[Work order]
Leave the pictures out and reproduce, exactly, the lines from the one with "We zijn enorm" through the end of the entries below.

Segment Open

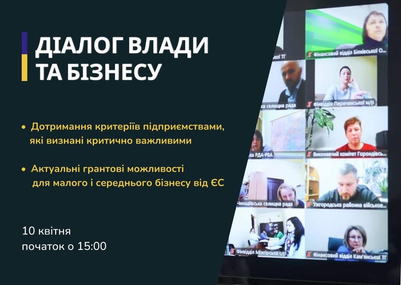 10 квітня о 15:00 відбудеться онлайн-зустріч у межах «Діалогу влади та бізнесу».
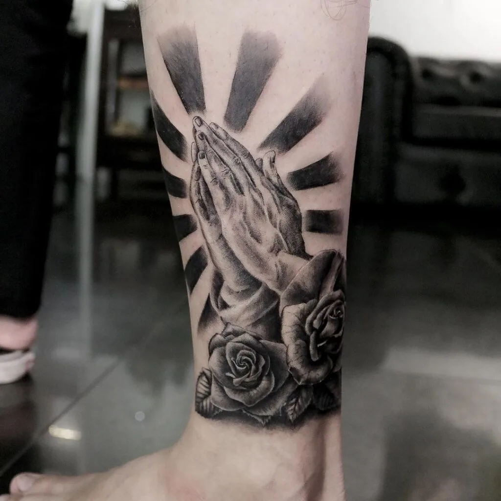 Placed on the lower leg, this tattoo features detailed praying hands emerging from two finely shaded roses. Behind the hands, dramatic black beams radiate outward in a fan-like pattern, creating a powerful halo effect that draws attention to the spiritual centerpiece.
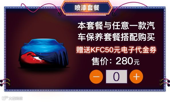 ▲280元喷漆套餐与汽车保养A、B、C、D任意套餐同时购买
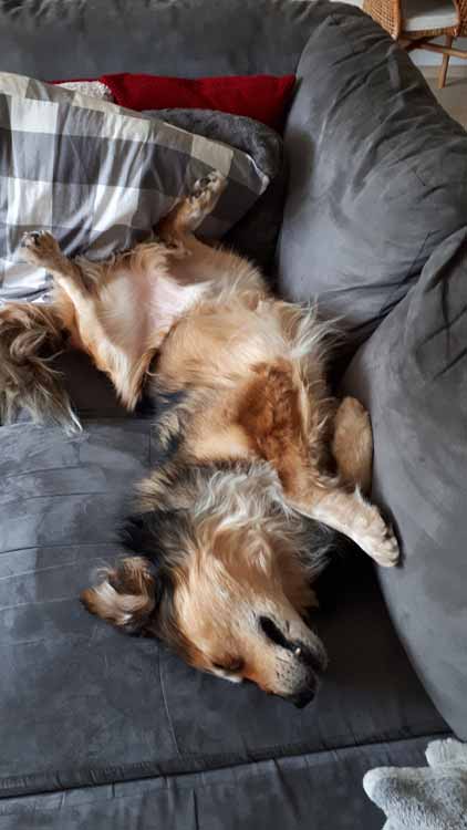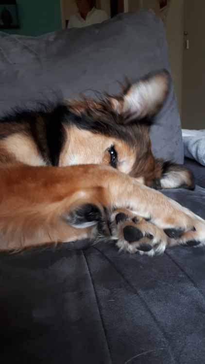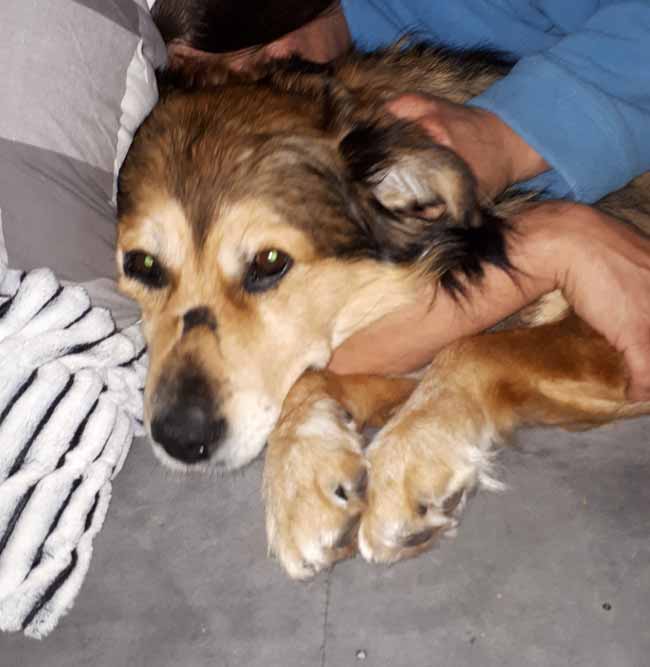 We zijn enorm gelukkig dat we zo’n top hond kunnen adopteren, hij is een droom die uitkomt. Hij begint zich te realiseren dat hij eindelijk thuis is en je ziet hem ontspannen. Ligt met vier poten in de lucht op zijn rug en slaakt dan een diepe zucht. Dank je wel voor al het goede werk dat jullie doen en het bij elkaar brengen van Mishka en ons.
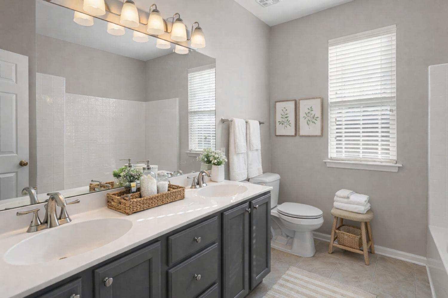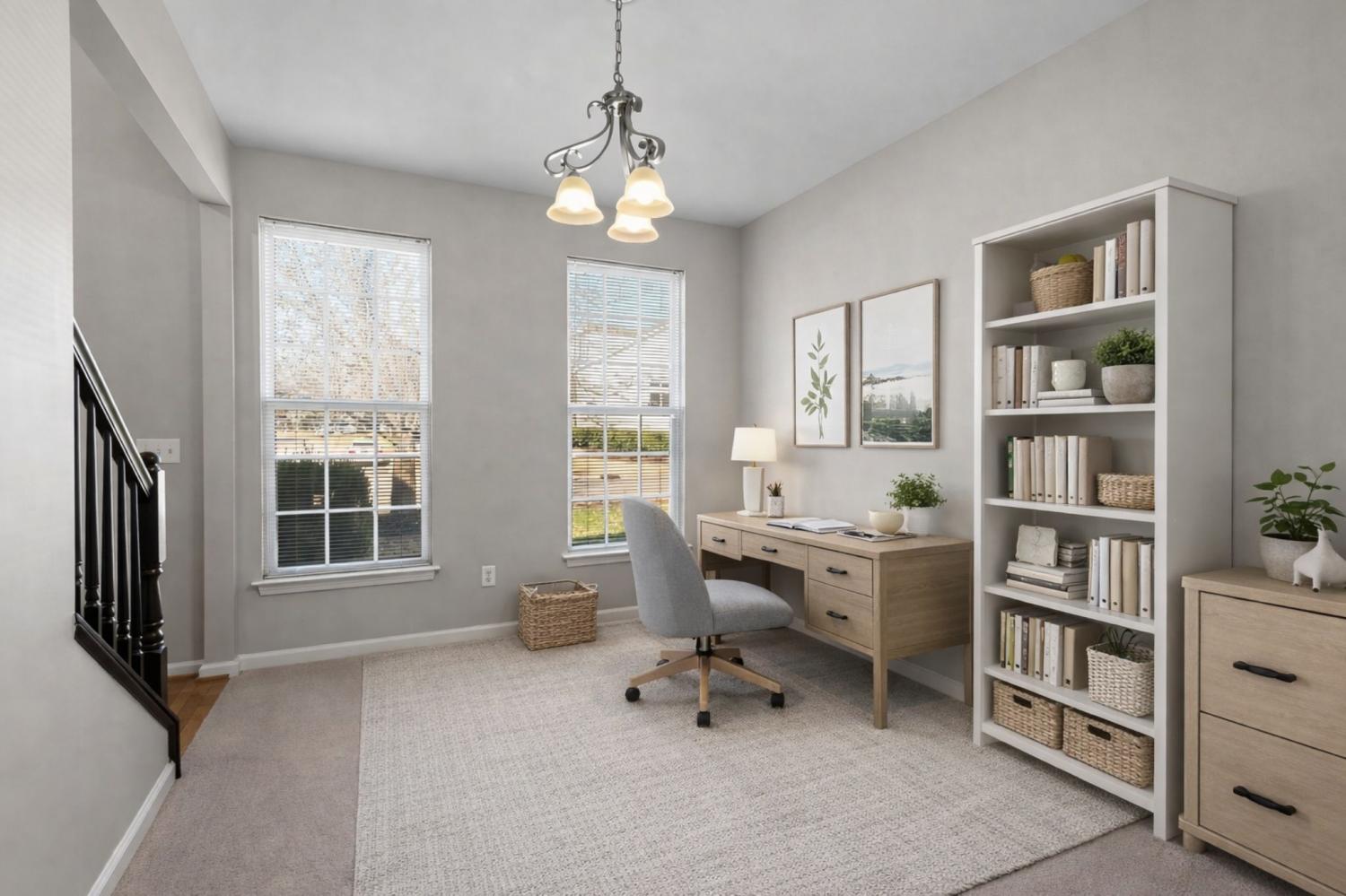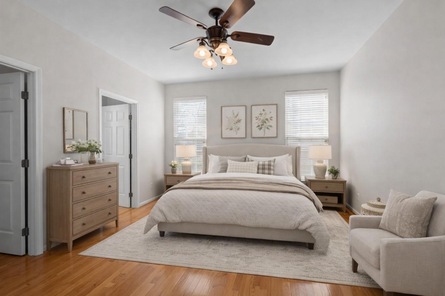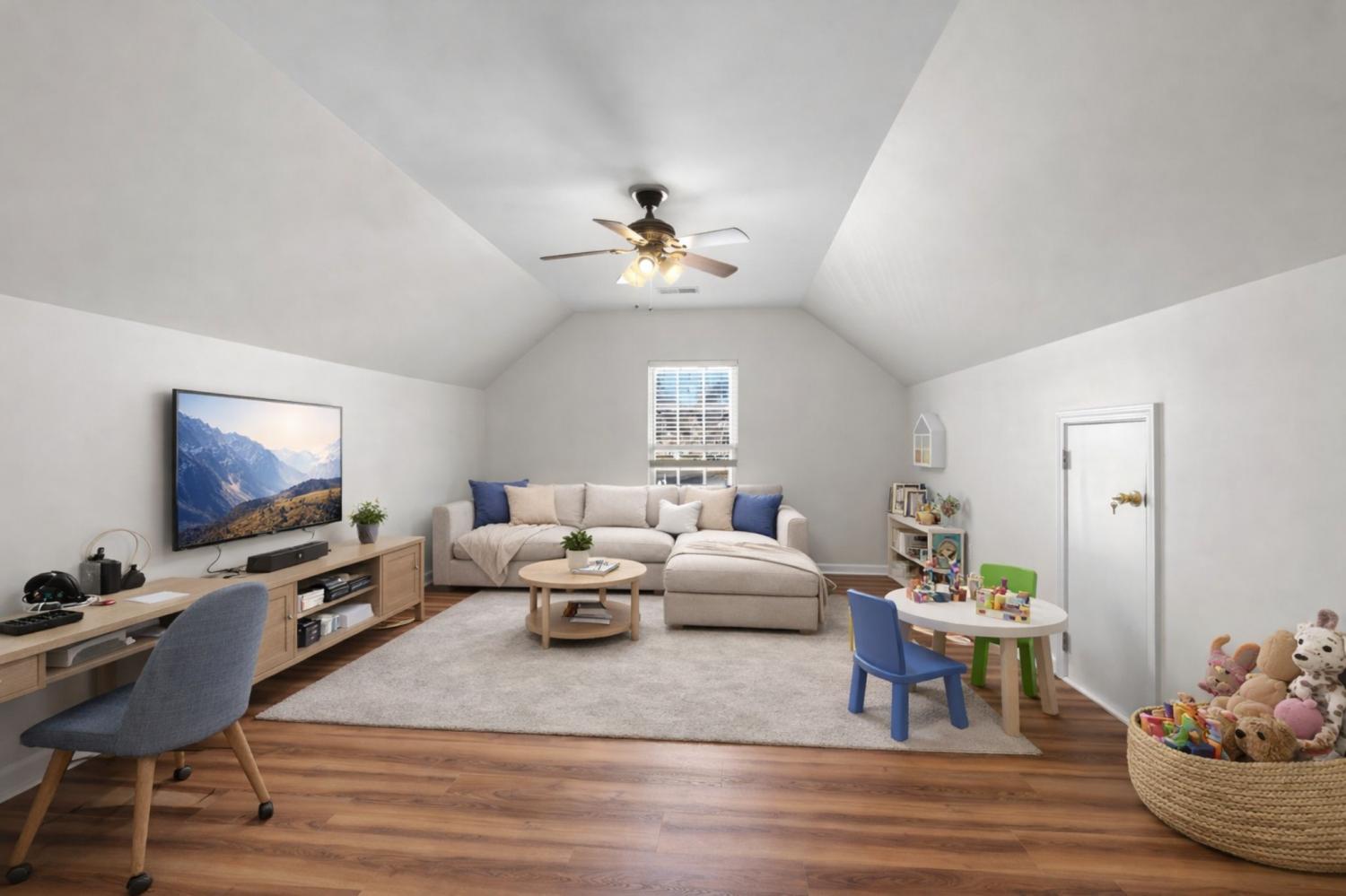This freshly renovated Franklin Green home is fully turnkey and ready for immediate move-in. The main-level primary suite offers convenience, while a flexible front room works well as a dining area or home office. A large bonus room upstairs provides additional living space. The backyard backs to green space for added privacy, and the neighborhood offers a pool, playground, and walking trails.

Segment Closed

[Written answer]
 We zijn enorm gelukkig dat we zo’n top hond kunnen adopteren, hij is een droom die uitkomt. Hij begint zich te realiseren dat hij eindelijk thuis is en je ziet hem ontspannen. Ligt met vier poten in de lucht op zijn rug en slaakt dan een diepe zucht. Dank je wel voor al het goede werk dat jullie doen en het bij elkaar brengen van Mishka en ons.
This freshly renovated Franklin Green home is fully turnkey and ready for immediate move-in. The main-level primary suite offers convenience, while a flexible front room works well as a dining area or home office. A large bonus room upstairs provides additional living space. The backyard backs to green space for added privacy, and the neighborhood offers a pool, playground, and walking trails.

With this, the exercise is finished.